Die Demonstranten lassen sich nicht beruhigen, die Proteste gehen weiter. SRF-Korrespondent Urs Bruderer erklärt, warum.

Legende: Audio Die Strassenproteste in Rumänien gehen weiter abspielen. Laufzeit 2:34 Minuten.
2:34 min, aus HeuteMorgen vom 06.02.2017.

SRF: Die rumänische Regierung hat das umstrittene Dekret zur Strafmilderung bei Korruption zurückgezogen. Die Demonstranten haben ihr Ziel eigentlich erreicht. Warum gehen sie noch immer auf die Strasse?

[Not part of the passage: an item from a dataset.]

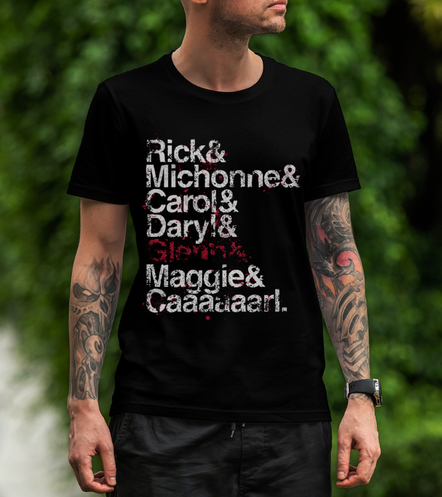The Rick and Michonne and Carol and Daryl and Maggie and Caaaaarl Spoiler Version T-shirt is designed for everyday wear and a consistent fit. Fabric is pre-shrunk ring-spun cotton with durable stitching. See the size chart below for exact measurements.

Osteuropa-Korrespondent Urs Bruderer: Es ist ein Zeichen des tiefen Misstrauens, das die Menschen gegen diese Regierung haben. Sie glauben nicht wirklich, dass die Regierung tatsächlich auf der ganzen Linie nachgeben wird. Manche wollen aber noch mehr und fordern beispielsweise den Rücktritt der Regierung oder Neuwahlen. Vielen ist aber auch klar, dass die sozialdemokratische Partei die Wahlen klar gewonnen hat und damit legitimiert ist, die Regierung zu stellen. Sie fordern nur anständiges Regieren nach den demokratischen Grundregeln.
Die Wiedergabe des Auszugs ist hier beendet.